И, сказав это, видя, что на горизонте уже показались мириады знамен его армии, Гавалон неожиданно вздрогнул и закашлялся. Потом, повернувшись к Дафану, он сказал:

— Просыпайся, парень. Мы уже почти приехали. Хорошо, что ты спал — надо было отдохнуть. Умойся и поешь. А потом молись.
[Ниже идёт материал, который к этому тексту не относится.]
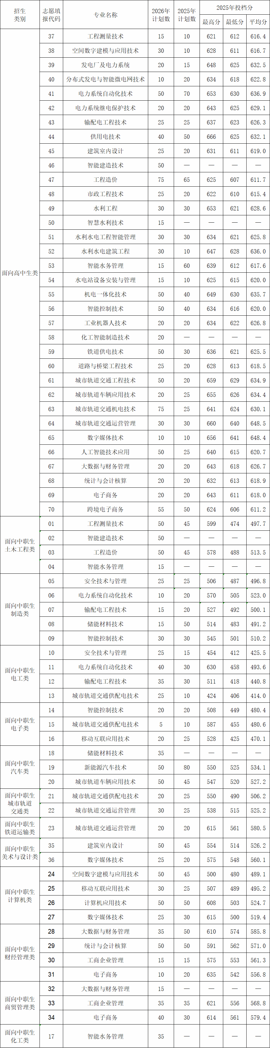 福建水利电力职业技术学院2026高职分类招考批招生计划及志愿填报代码
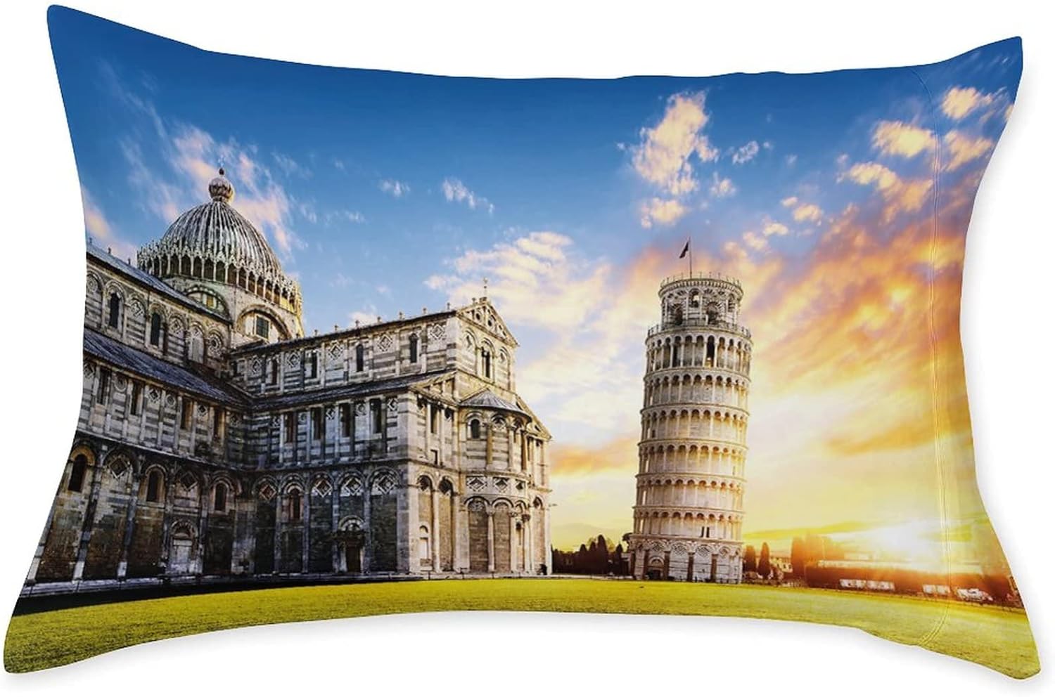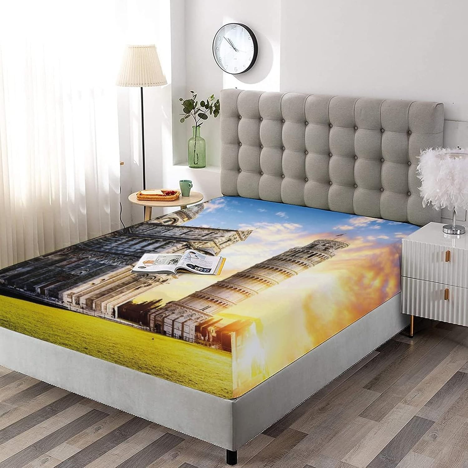 Decorative Bedding Sheet Set Twin XL Size, Italy Deep Pockets Fitted Sheet & 2 Pillow Sham Set, Miracoli Complex with The Leaning Tower of Pisa Print Microfiber 3pc Bed Sheets Set

Фульбра скоро атакует нас, и я должен сделать все возможное, чтобы Сатораэль принял участие в бою, чтобы он обрушил на врага гнев Изменяющего Пути.

— Можно я оставлю себе ружье? — робко спросил Дафан.

— Оно твое, парень, — сказал Гавалон хриплым грубым голосом, совсем непохожим на тот голос, которым он — казалось, бессознательно — говорил недавно. — Твое по праву. Патроны мы тебе дадим. Используй их с толком.

Глава 20

Как только Гицилла выбросила ослепленного солдата из грузовика, водитель нажал на тормоза.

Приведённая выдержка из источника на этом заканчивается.